Reputation: 168
I would like to copy certain column values from a specific row in my dataframe df
to another dataframe called bestdf
Here I create an empty dataframe (called bestdf
):
new_columns = ['DATE', 'PRICE1', 'PRICE2']
bestdf = pd.DataFrame(columns = new_columns)

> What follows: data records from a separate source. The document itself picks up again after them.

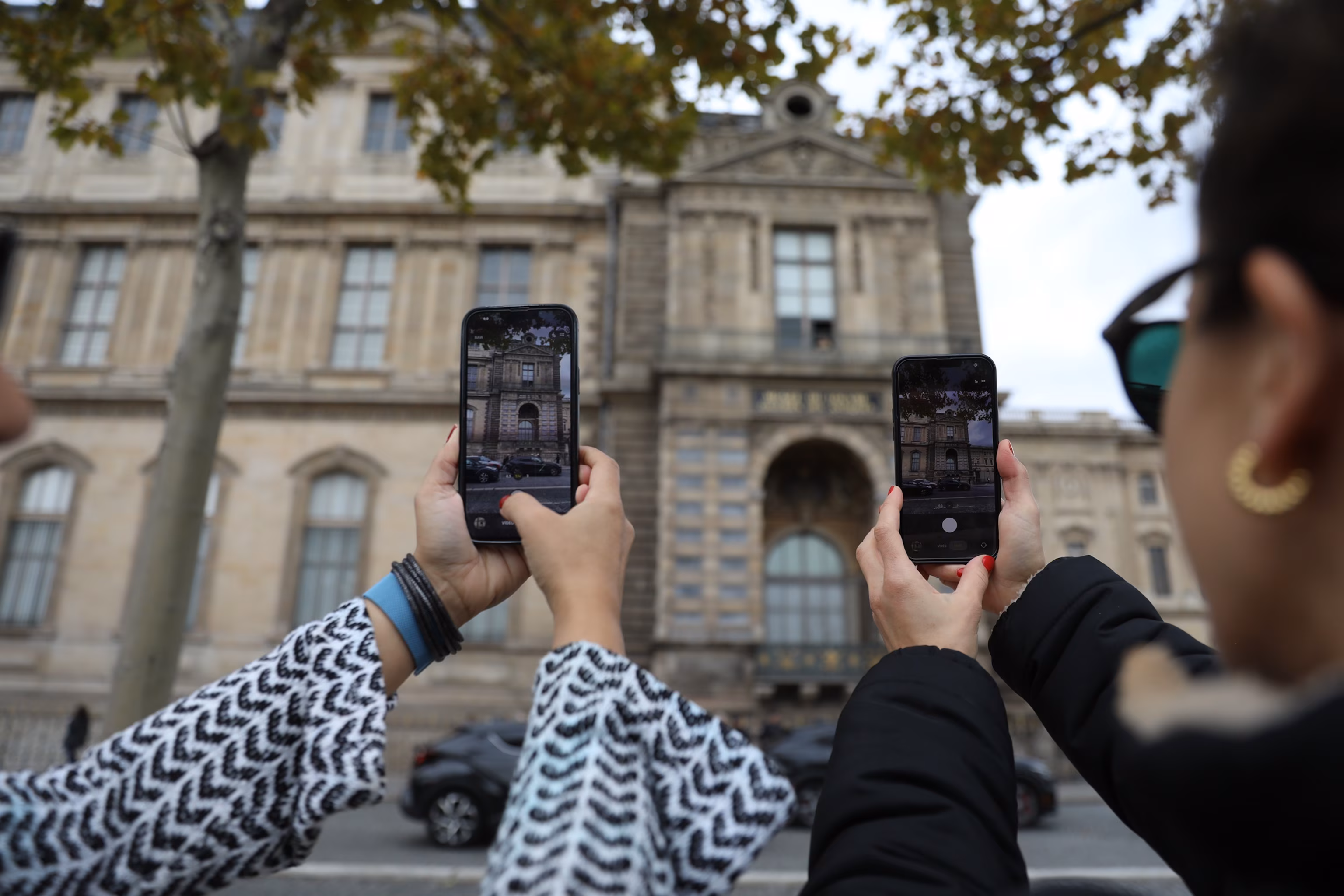 Туристи фотографуються біля галери Аполлона в музеї Лувр у Парижі, куди злодії проникли 19 жовтня 2025 року та вкрали коштовності на 102 мільйони доларів. Anadolu via Getty Images
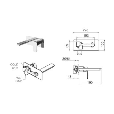 Mosiężna bateria z wylewką o długości 19 cm jest odpowiednia do uzupełnienia umywalek, które nie mają otworu do montażu baterii. W opakowaniu znajduje się również ukryty korpus potrzebny do instalacji.
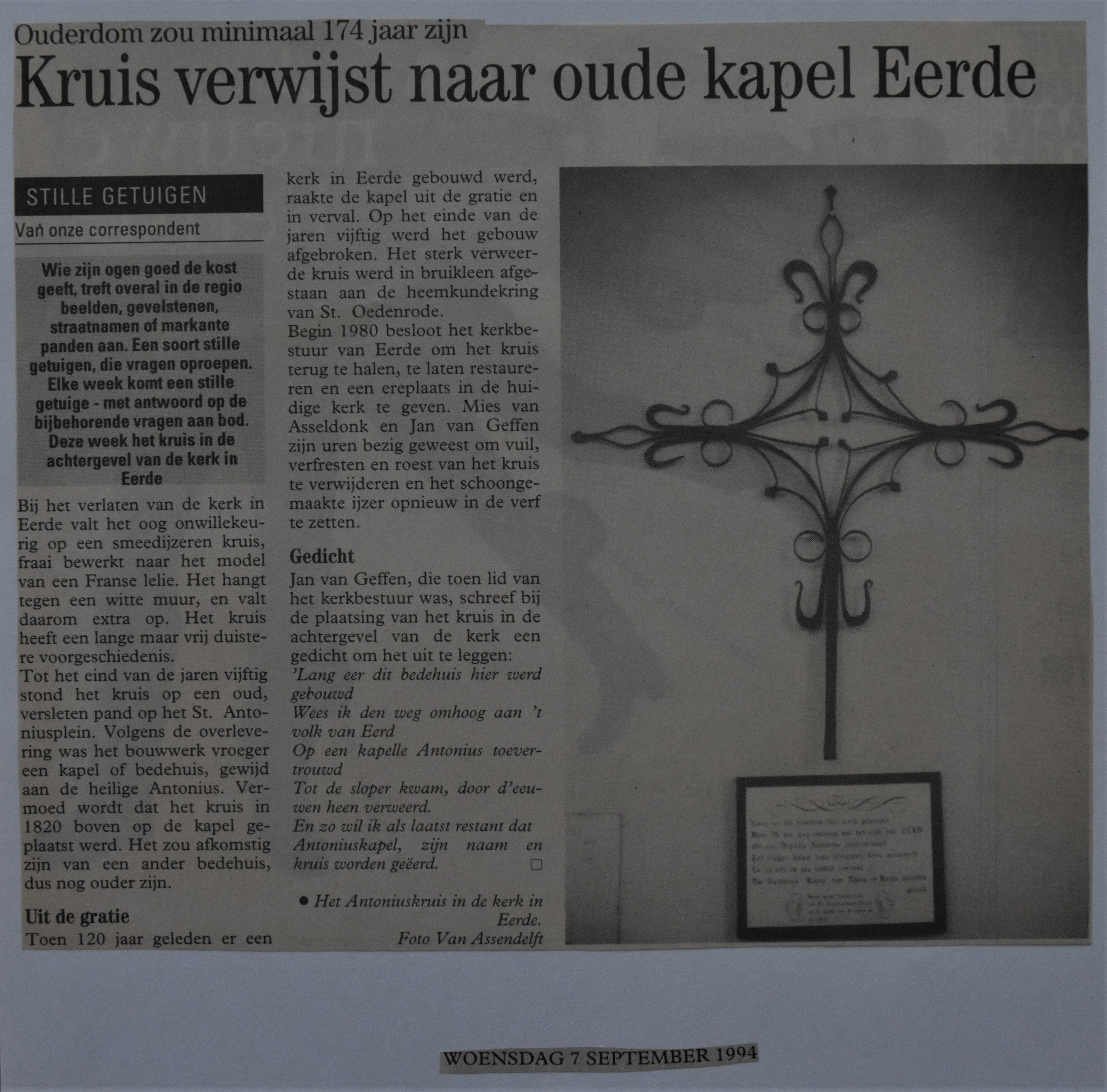 En zo wil ik als laatste restant dat Antoniuskapel, zijn naam en kruis worden geëerd (haan op het kruis). De Sint Antoniuskapel, het eerste bedehuis van Eerde.'

bestdf.set_index(['DATE'])
.I've located a certain row out of df
and assigned the row to a variable last_time
:
last_time = df.iloc[-1]
print last_time
gives me
DATETIME PRC
2016-10-03 00:07:39.295000 335.82
I then want to take the 2016-10-03
from the DATETIME
column and put that into the DATE
column of my other dataframe (bestdf
).
I also want to take the PRC
and put it into the PRICE1
column of my empty dataframe. I want bestdf
to look like this:
DATE PRICE1 PRICE2
2016-10-03 335.82
Here is what I've got so far?
sample_date = str(last_time).split()
best_price = sample_date[2]
sample_date = sample_date[0]
bestdf['DATE'] = sample_date
bestdf['PRICE1'] = best_price
This doesn't seem to work though. FYI I also want to put this into a loop (where last_time will be amended and each time the new values will be written to a new row). I'm just currently trying to get the functionality correct.
Please help!
Thanks
Upvotes: 0
Views: 162
Reputation: 14011
There are multiple ways to do what are you are looking to do: Also you can break your problem down into multiple pieces. That way you will be able to apply different steps to solve them.
Here is an example:
import pandas as pd
from datetime import datetime
data = [{'DATETIME': '2016-10-03 00:07:39.295000', 'PRC': 335.29},
{'DATETIME': '2016-10-03 00:07:39.295000', 'PRC': 33.9},
{'DATETIME': '2016-10-03 00:07:39.295000', 'PRC': 10.9}]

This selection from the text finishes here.